Fifty years after the March on Washington, is there still more that unites us than divides us?
The Daily Rundown‘s Chuck Todd sat down with Lonnie Bunch, the founding director of the Smithsonian National Museum of African American History and Culture, and Pulitzer Prize-winning civil rights historian and author Taylor Branch to look at how far the country has–or has not–evolved.
Branch said that the past 50 years since Martin Luther King Jr.’s historic speech had brought “immense advances toward free and equal–what Dr. King called equal votes and equal souls in the United States” and paved the way for other advancements for women and other minorities.

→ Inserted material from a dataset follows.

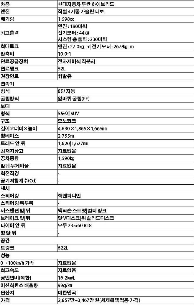 투싼 하이브리드의 보닛은 직렬 4기통 1.6L 가솔린 스마트스트림 터보 엔진을 품었다. 여기에 44.2㎾ 전기 모터와 6단 자동기어, 배터리를 엮었다. 쏘렌토 하이브리드와 같은 시스템 최고출력 230마력을 뿜는다. ‘형님’보다 작고 가벼운 차체에 힘입어 친환경차 세제 혜택도 받는다. 단, 정부공인 복합연비는 1L당 16.2㎞로 엄청난 효율을 기대했다면 다소 실망할 수 있다.

“Basically race has always been the chief barrier, but it’s also the gateway. When people deal forthrightly with race it pays other benefits,” said Branch. “Now here we are, in 2013 we have benefits that make us optimistic we can tackle tough problems, but our politics is in gridlock largely because we don’t deal with race and we don’t acknowledge what we’ve done.”
Bunch called race “the most important issue that divides us” and expressed hope that the Smithsonian’s new museum, slated to open in 2015, could provide a place for all people to come together.
“For us, it’s crucially important to craft a museum that forces us to discuss where we’ve improved in race and where this is a continuing battle for us to wrestle with,” said Bunch.